(SOURCE RECORDS Opens)

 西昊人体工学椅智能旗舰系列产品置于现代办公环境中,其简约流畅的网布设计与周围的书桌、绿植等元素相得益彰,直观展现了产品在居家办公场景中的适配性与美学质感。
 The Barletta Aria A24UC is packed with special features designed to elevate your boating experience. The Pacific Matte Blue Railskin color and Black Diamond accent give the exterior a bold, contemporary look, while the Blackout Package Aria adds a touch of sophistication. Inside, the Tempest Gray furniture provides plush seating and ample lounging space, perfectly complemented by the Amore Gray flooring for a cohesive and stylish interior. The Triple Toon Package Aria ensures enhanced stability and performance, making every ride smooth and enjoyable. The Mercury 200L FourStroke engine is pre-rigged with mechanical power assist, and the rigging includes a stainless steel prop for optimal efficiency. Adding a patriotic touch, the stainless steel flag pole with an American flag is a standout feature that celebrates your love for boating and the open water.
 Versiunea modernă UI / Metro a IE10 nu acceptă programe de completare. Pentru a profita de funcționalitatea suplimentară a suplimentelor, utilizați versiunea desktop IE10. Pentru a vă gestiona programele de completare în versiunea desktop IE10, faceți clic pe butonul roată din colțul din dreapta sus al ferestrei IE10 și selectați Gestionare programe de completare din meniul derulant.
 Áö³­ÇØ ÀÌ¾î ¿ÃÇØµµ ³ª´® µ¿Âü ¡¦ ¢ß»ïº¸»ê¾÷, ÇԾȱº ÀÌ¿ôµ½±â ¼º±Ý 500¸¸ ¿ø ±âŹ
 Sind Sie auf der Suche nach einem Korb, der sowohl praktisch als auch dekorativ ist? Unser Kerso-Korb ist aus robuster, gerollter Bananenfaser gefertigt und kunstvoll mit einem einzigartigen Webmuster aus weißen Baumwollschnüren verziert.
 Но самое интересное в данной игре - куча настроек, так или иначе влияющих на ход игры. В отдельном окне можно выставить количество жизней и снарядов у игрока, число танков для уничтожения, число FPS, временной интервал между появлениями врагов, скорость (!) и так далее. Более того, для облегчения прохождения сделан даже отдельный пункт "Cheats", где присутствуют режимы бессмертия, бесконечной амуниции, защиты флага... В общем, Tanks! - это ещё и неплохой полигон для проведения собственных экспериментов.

(SOURCE RECORDS Closes)
(SOURCE RECORDS Opens)

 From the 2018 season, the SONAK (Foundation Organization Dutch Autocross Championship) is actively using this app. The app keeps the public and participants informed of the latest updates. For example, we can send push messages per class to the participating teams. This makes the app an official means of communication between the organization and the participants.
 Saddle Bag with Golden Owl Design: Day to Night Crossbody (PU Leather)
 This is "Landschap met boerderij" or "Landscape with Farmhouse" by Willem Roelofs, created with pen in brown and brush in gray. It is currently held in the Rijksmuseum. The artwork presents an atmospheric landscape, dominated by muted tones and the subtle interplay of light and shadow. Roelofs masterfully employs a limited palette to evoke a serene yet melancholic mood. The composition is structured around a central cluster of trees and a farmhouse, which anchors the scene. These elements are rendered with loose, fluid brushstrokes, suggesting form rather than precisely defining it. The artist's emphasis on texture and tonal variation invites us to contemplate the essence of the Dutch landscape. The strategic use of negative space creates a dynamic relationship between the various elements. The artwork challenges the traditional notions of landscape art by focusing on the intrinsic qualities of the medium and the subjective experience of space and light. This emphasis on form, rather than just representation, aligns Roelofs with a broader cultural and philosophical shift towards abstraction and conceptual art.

(SOURCE RECORDS Closes)

■ **YOUR OBJECTIVE**:
Taking the material above, extract exactly and only the lines from the line with "西昊人体工学椅智能旗舰系列产" to the line with "The Barletta Aria", inclusive of both.

■ **TASK SOLUTION**:
 西昊人体工学椅智能旗舰系列产品置于现代办公环境中,其简约流畅的网布设计与周围的书桌、绿植等元素相得益彰,直观展现了产品在居家办公场景中的适配性与美学质感。
 The Barletta Aria A24UC is packed with special features designed to elevate your boating experience. The Pacific Matte Blue Railskin color and Black Diamond accent give the exterior a bold, contemporary look, while the Blackout Package Aria adds a touch of sophistication. Inside, the Tempest Gray furniture provides plush seating and ample lounging space, perfectly complemented by the Amore Gray flooring for a cohesive and stylish interior. The Triple Toon Package Aria ensures enhanced stability and performance, making every ride smooth and enjoyable. The Mercury 200L FourStroke engine is pre-rigged with mechanical power assist, and the rigging includes a stainless steel prop for optimal efficiency. Adding a patriotic touch, the stainless steel flag pole with an American flag is a standout feature that celebrates your love for boating and the open water.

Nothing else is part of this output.